Breaking Bad re-watch: Season 5, Episode 7: "Say My Name"


This one makes me sad. I really liked Mike (Jonathan Banks) even when he was just a recurring part in the show’s mid-period, with his gruff deadpan and workman efficiency at any dirty job. If he hadn’t become anything beyond that, I still would have been disappointed to see him go. But he did become more than that, gaining a larger role in the narrative last season, and then our sympathy in this one as Walt (Bryan Cranston) passed him on the bad scale. So his demise actually feels quite tragic.

And yet the way the show builds up Mike’s character to the point that we despair at his death is so subtle you could miss it. We don’t expect him to be more than a nameless goon at first, but Banks grows on you so well that you never notice how his role gets bigger and bigger. The establishing scenes with his granddaughter seem to be nothing more than a small throwaway touch. But she’s the only glimpse of Mike’s humanity away from the job we see, and watching him have to leave her behind to escape the feds this episode is very sad. The whole episode feels like the world is closing in around Mike, and we feel as nerve-wracked as we did when the same was happening to Walt and Jesse (Aaron Paul) in times past. We forget that just last season, this man was an antagonist, a goon for Gus Fring. And just when we realize we actually care about Mike...he's gone.
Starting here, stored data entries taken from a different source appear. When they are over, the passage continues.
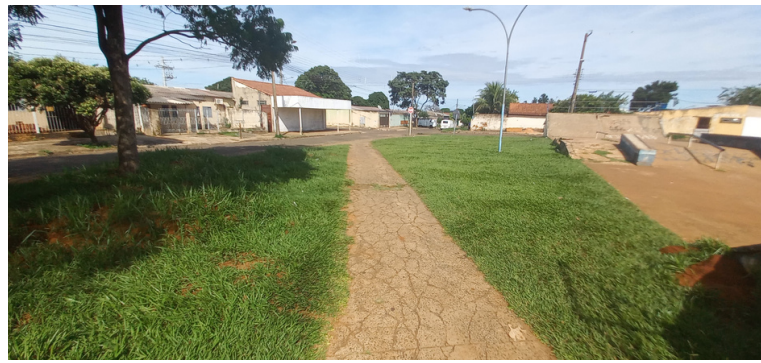
Foto 2 - Calçada com piso irregular e desníveis em vários pontos.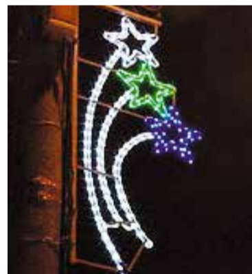
Консоли праздничного освещения на пересечении пр. Мира и ул. Заозерной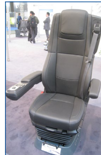
GRAMMER - Ha presentato il prototipo del nuovo sedile autista MSG 115 destinato all'aftermarket.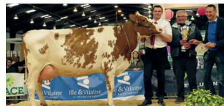
GAVOTTE Meilleure Mamelle Pie Rouge Gaec Pinel - CHEVAIGNÉ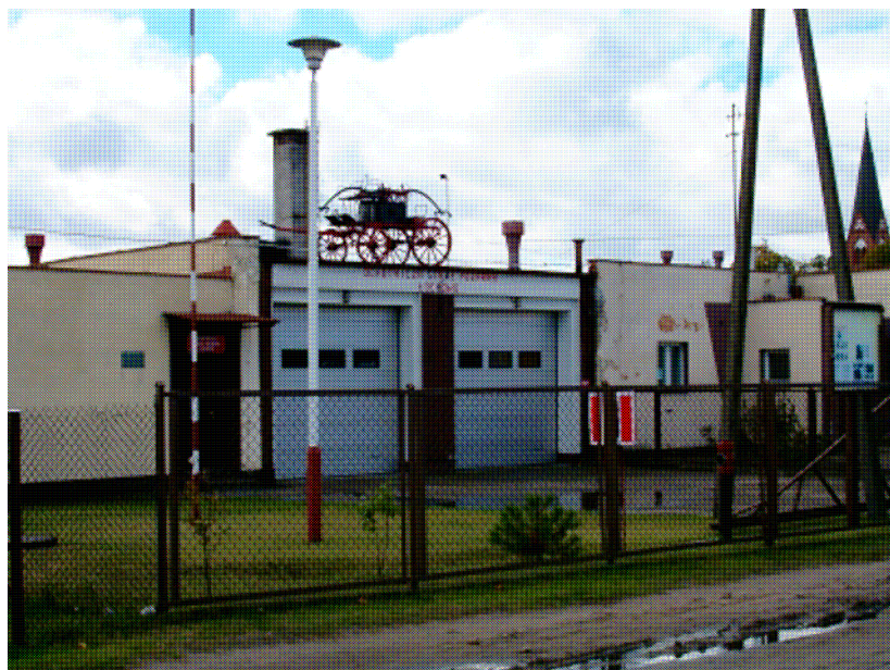
Zdjęcie nr 2: Zespół Szkół im. Jana Pawła II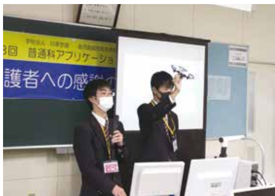
プログラムでドローンの飛行制御する作品の説明

集いの最後には、3年間の高校生活を応援してくれた保護者に向けて、感謝の気持ちを手紙で伝えました。日頃素直に伝えることができなかった感謝の想いを伝える良い機会となりました。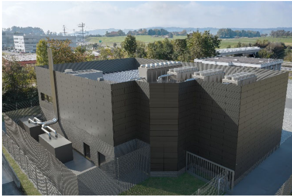
Das neue Datacenter von CKW Fiber Services wird rundum mit Solarpanels bestückt.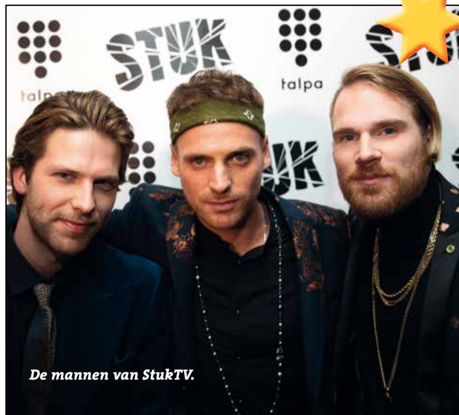
De mannen van StukTV.

Britt Dekker heeft een paard gekregen van John de Mol. De presentatrice gaat een aantal programma's maken voor Talpa, de zender van De Mol. In plaats van salaris vroeg Dekker een paard als betaling. 'En dat was goed', schrijft een dolgelukkige Britt op Instagram. 'John zei tegen mij dat hij heel veel van dieren houdt. Hij heeft mij een vriend voor het leven gegeven: de witte hengst George!'

I was disappointed how Mike got killed on my first viewing, as it seemed like they only did it to get him out of the way. I’m still a little let down (he could have at least put up some resistance), but this time it seemed a little more fitting in the story. Inevitable, even. Not that it’s any consolation, but Mike turned out to be right about Walt being a time bomb.

He’s more than that, really; he’s now fully Heisenberg, a volatile, destructive force that destroys everything around him. Not just Mike, but also his family, who he’s driven out of his house. And his marriage, as Skyler (Anna Gunn) now won’t even speak or look at him. He even drives away Jesse, the one person who could kind of wrangle him in (note that Jesse was there to temper the other disputes between Walt and Mike this season, but not their last one). This makes Walt’s sudden show of remorse after shooting Mike—very out of character after the cold, manipulative demeanor he’s shown the rest of the season—a little more plausible. His last shred of his humanity realizes too late that he’s killed every relationship in his life, even though Mike was the only one he actually murdered.

You could say two characters suffered tragic losses this episode. I feel sorrier for Mike’s.